First, the evening devotion takes place, and then the venerable and respectable pastor calls the members of the family to the front who have brought a still-wrapped holy statue for consecration. By now, it's almost like a party. The pastor blesses and sprinkles holy smoke over the first and later the second statue, and then the music group - consisting of at least 10 people - takes over. They are singing "sacred" songs, but with so much enthusiasm that the first churchgoers move to the appropriate rhythm. I can hear the panpipes, banjos, guitars, and of course, the drums, which the drummer plays with great fervor.


The drummer with great fervor
The panpipe is just awesome!

In the meantime, a dog gets lost among the tangle of many human legs but finds his way back out of the band without barking. I suspect he has been a guest of this holy house thanks to the open church doors.

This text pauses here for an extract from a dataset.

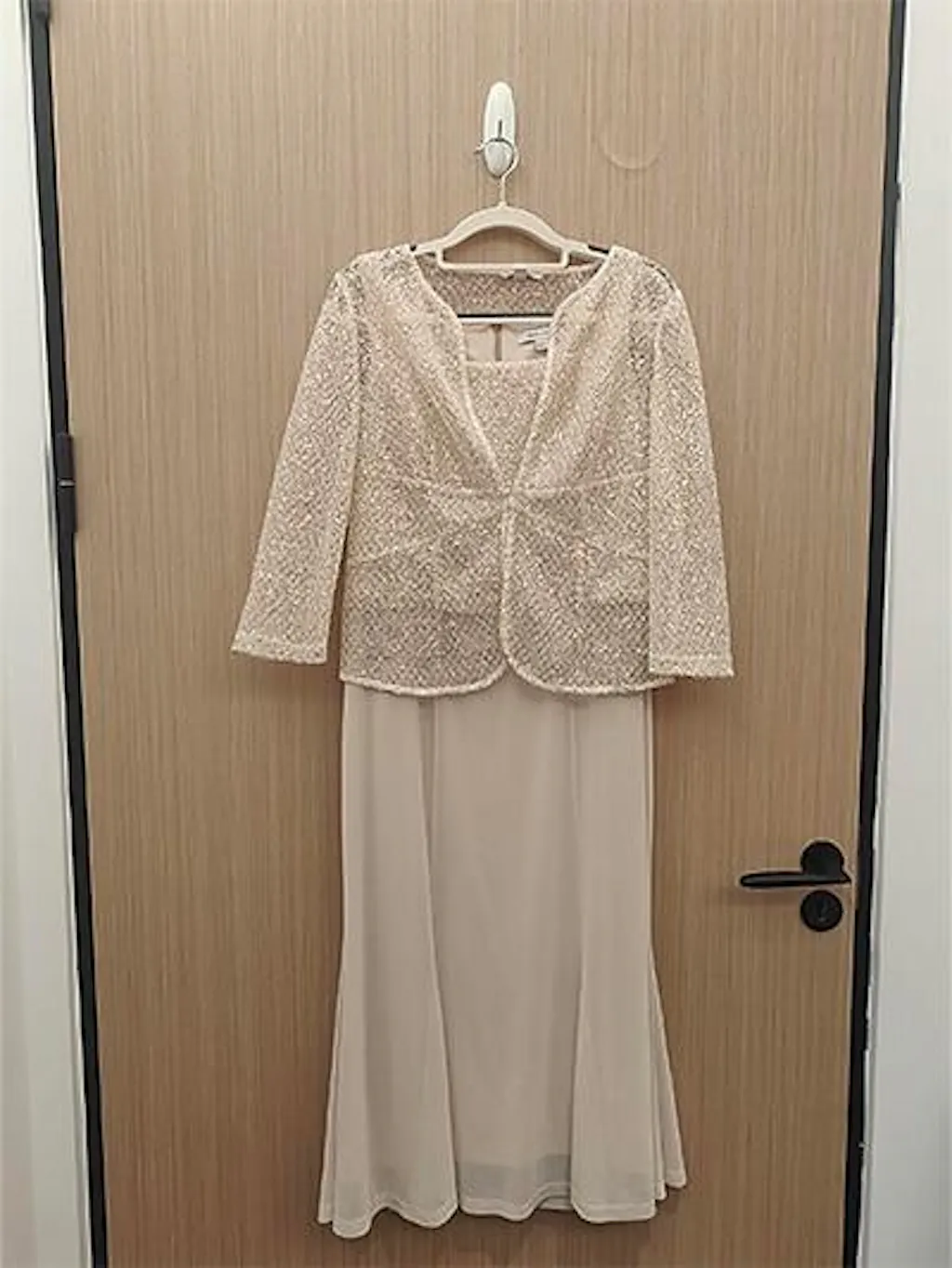 This chic jacket dress is the perfect choice for spring events. The mesh sequin 3/4 sleeve jacket adds a touch of glamour with subtle sparkle, fastened with diamond buttons for an elegant look. The sleeveless dress beneath features a soft knit lower half, providing comfort and stretch for a flattering fit. Ideal for weddings, parties, and cocktail gatherings, this piece is both stylish and comfortable, making it a go-to outfit for moms.

Yes, it's impressive how religion/church is dealt with here, how religion and church are taken into everyday life. Our empty churches could learn a lot from this, but it's also the mentality of the South Americans that makes it possible.

13.05.

This day begins with a leisurely breakfast with Sasha, the solo traveler and computer specialist from Thuringia. He is filled with his experiences, not only here in South America, but also in Hawaii, the Galapagos Islands, Guatemala, where he climbed volcanoes and competed with turtles in swimming. But time is pressing for me; it's already 11:00, and the Vespa is not packed yet.
My plan to visit the copper mine again fails because today is Sunday and no guided tours are offered, according to the gatekeeper who stopped me.

And up we go from 2,200 to 3,200 m. An app called GPS Status now gives me the exact altitude information.
Despite reducing the jet in San Pedro, the headwind still doesn't let it go more than 21 km/h. But it holds up. The engine sounds calm, but when I give it more gas, it jerks and almost gives up. Is it the spark plug? Finally, we reach the summit, and I focus on the landscape and the mountains, which seem to be running out of air, and I already choose a nice subject for the next photo. Then my gaze falls on the temperature gauge, which usually stays in the middle range and has not given any cause for concern before. But now, the needle slowly but steadily moves up, pauses for a moment, goes back to normal, but then stays up and approaches the dangerous red mark. I pull over to the side and turn off the engine.

My drinking water for the Vespa and getting further, or for me...?


Desert, sun, no cloud in the sky, but I remain calm. My water reserves are sufficient, the spare fuel canisters are filled, and I have the right tools. I dismount, walk around the Vespa, and notice that the rear wheel is wet. Here in the desert?? It's not gasoline, so it must be coolant. Oil would have been greasy. With that, my original idea that it has something to do with the jet is gone. We are at about 1,500 meters, maybe that's why the engine is overheating? But I don't need to pursue this theory anymore. I remove the carburetor to check if the coolant lines are leaking. I spare you the details. I take the opportunity to restore the jet to its normal state and still can't find the leak. I pour in my precious water, and I can already hear it trickle away. The good water seeps into the dust. But I find the cause, fix it, and now I have to make a decision. The remaining water for me or for the Vespa. I choose the Vespa because I know that cars pass by occasionally, and they might give me water. The theory proves correct. I hear a car, pull over to the side, and wave. There is no doubt; they stop immediately. I explain my problem, and the Chilean understands, opens his trunk, and to my horror, I only see full Sprite and cola bottles, but my helper takes out a red container of DRINKING WATER and walks to the Vespa. I have a funnel; we fill up, and still no trickling or dripping, the damage is fixed. But that's not all. He sees my empty water bottles and gives me the rest from his container. I point to his family, who are waiting in the car, but he waves it off and probably keeps his eyes on the cola and Sprite stocks.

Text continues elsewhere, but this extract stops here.